Radical Federalist

When it comes to relations between the states and Washington, the Reagan era is still going on.
August 2004
Donald F. Kettl
By Donald F. Kettl  |  Columnist
Former dean of the School of Public Policy at the University of Maryland, and a nonresident senior fellow at the Volcker Alliance and the Brookings Institution

Ronald Reagan's funeral stirred some remarkably warm reflections about his life and legacy. But amid the retrospectives, analysts largely ignored his impact on federalism, where he tore down a wall every bit as imposing as the one in Berlin.

Until the Reagan administration, federal spending for grants to state and local governments had been steadily growing in America for decades. As a share of the economy, federal aid had increased from 1.6 percent of the Gross Domestic Product in 1965 to 3.4 percent in 1980. Reagan's tight budgets stopped that growth. By the end of his two terms, federal spending for intergovernmental aid had shrunk by almost a fifth (after accounting for inflation). As a share of the economy, grants fell by a third.

Even more important than Reagan's decrease in spending was the change in the way the federal government distributed the money. In the 1950s, the federal government began big grant programs for urban renewal and interstate highways. In the 1960s, Lyndon Johnson's Great Society expanded these categorical programs dramatically. Richard Nixon, succeeding Johnson as president in 1969, believed that the categorical programs relied too much on federal control, so he replaced the old job training, community development and social service programs with block grants--money distributed by formula with relatively few strings. Local governments loved them, but critics increasingly questioned what value the nation got for the money spent.

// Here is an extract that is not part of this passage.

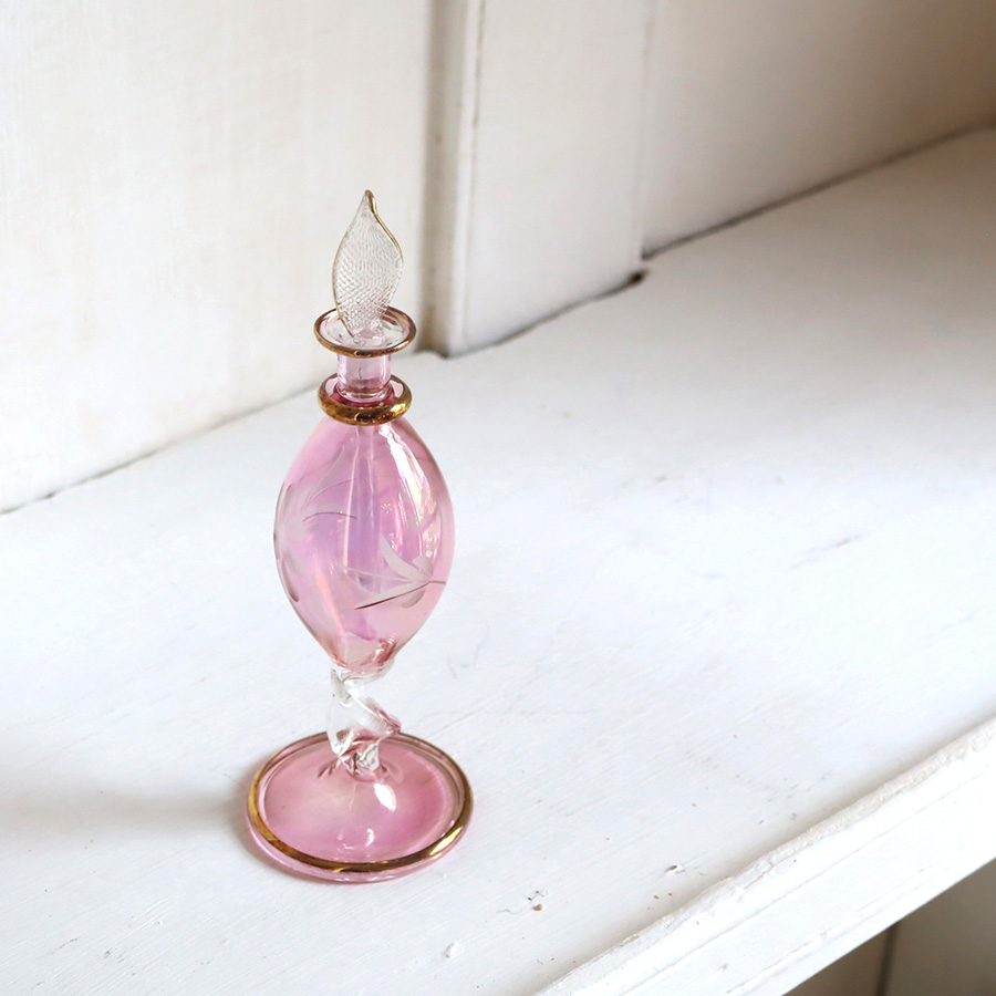 ガラス発祥の地といわれるエジプトで、ひとつひとつ手作りされているガラス瓶です。切子細工で表現された草花モチーフやゴールドの着彩、フリル状のガラスなど小さいながらも職人さんの技が光っています。

Reagan and his team came to office wanting to go much further: They were convinced that the existing federal aid system was broken. They transformed old categorical programs and some of the newer block grants into still broader programs, which coupled even more administrative flexibility with less money. Reagan's argument: With a greater ability to fit federal programs to local needs, state and local governments did not need as much cash.

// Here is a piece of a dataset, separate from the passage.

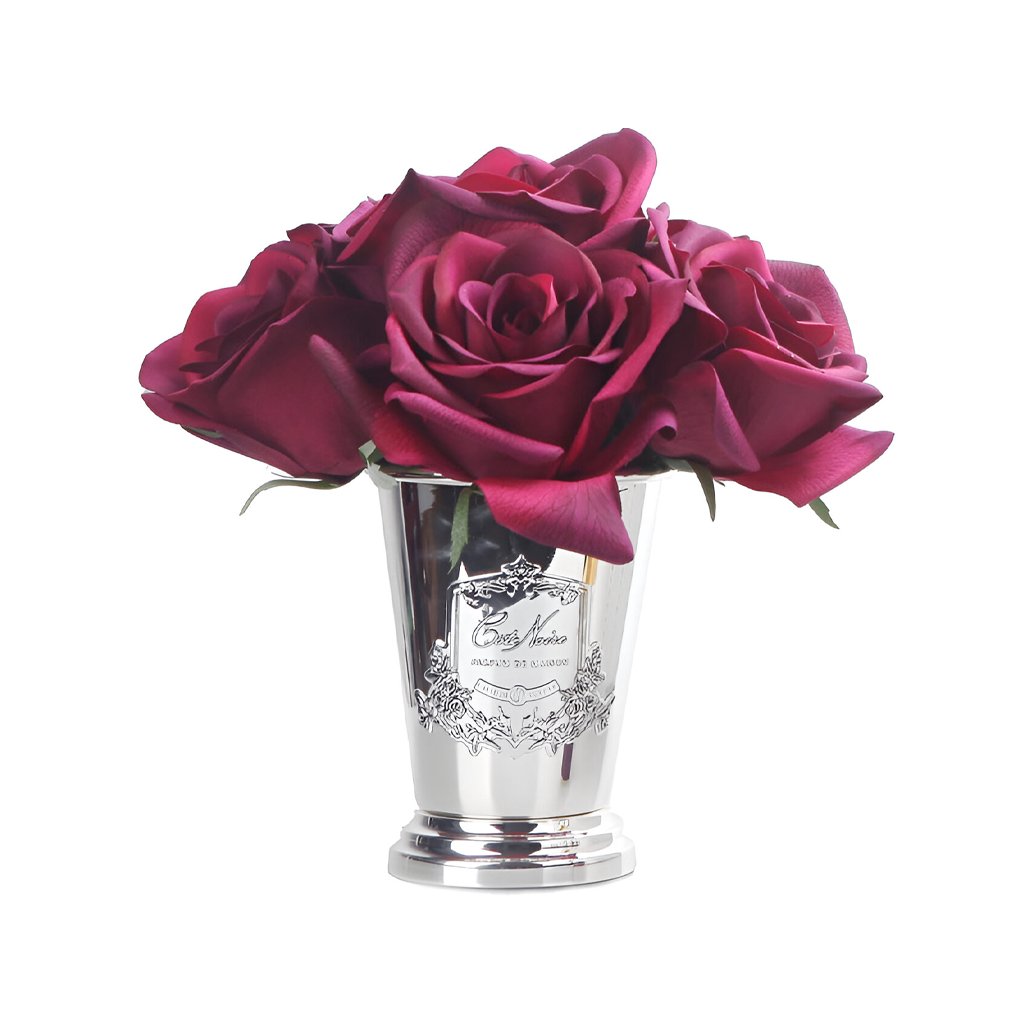 Luxusní parfémovaná kytice 7 růží ve stylovém stříbrném poháru prezentovaná v atraktivním boxu s velkou romantickou mašlí. Každá růže je precizně zpracována a opatřena speciálním povlakem, který dodává okvětním lístkům přirozený vzhled. Součástí balení jsou francouzské parfémy Charente Rose a Rose Oud, které se aplikují přímo na růže dle preferované intenzity vůně.

By the time he left office in 1989, Reagan had eaten away at a large part of the Great Society's core. To be sure, the federal aid bureaucracies remained in existence and billions of dollars continued to flow. But the Reagan presidency put a cork in the steady growth of spending and ended the federal government's long "big brother" tradition of dominance in the intergovernmental system.

Even more fascinating is a bold move that failed but nevertheless shook the system. In his 1982 State of the Union address, Reagan stunned congressional Republicans and governors alike with a plan to swap responsibility for Medicaid and welfare. The federal government would assume the burden for Medicaid, while the states would take over welfare programs, including food stamps and Aid to Families with Dependent Children.

The plan seemed too risky for almost everyone. The states worried they would end up on the short end. Members of Congress worried they would spend enormous political capital in exchange for uncertain gain. No one but Reagan and his staffers seemed very enthusiastic about the swap, and within weeks Reagan's dramatic proposal died.

With his radical plan, however, the conservative president had tapped into the emerging issue of federal-state fiscal relations. In backing away from the deal, the states ended up with prime responsibility for both welfare and Medicaid. The rising caseload swelled their welfare costs. In response, some states--notably Wisconsin and Michigan--tried creative experiments that eventually produced the revolutionary 1996 welfare reform block grant.

Meanwhile, Medicaid costs started to soar at an even more alarming rate. By the turn of the 21st century, Medicaid was the fastest growing item in many state budgets. Faced with the biggest fiscal crunch in generations, governors looked to Washington for help. They got little in return.

More than one state official looked wistfully back at the Reagan swap proposal and concluded that the states should have taken the deal when they had the chance. Had they done so, states could have pursued the Wisconsin welfare reform strategy and ridden welfare costs down, while passing Medicaid, their biggest budgetary nightmare, to the feds. And with the federal government in control of both Medicaid and Medicare, the nation would have been a step closer to a system of national health insurance.

Johnson's Great Society brought the federal government into more programs than ever before, and on a scale and scope previously unimagined. Reagan ended the Great Society era by capping the size of the federal government's commitment. He shaped the new generation of grants, highlighted by welfare reform, that define the basic administrative relationships of 21st-century federal grant programs. And with the welfare-Medicaid swap proposal, he identified the nastiest issue in the fiscal relationship.

Johnson stretched the fabric of American fiscal federalism into its modern form. Reagan tailored it to the clothing we wear today.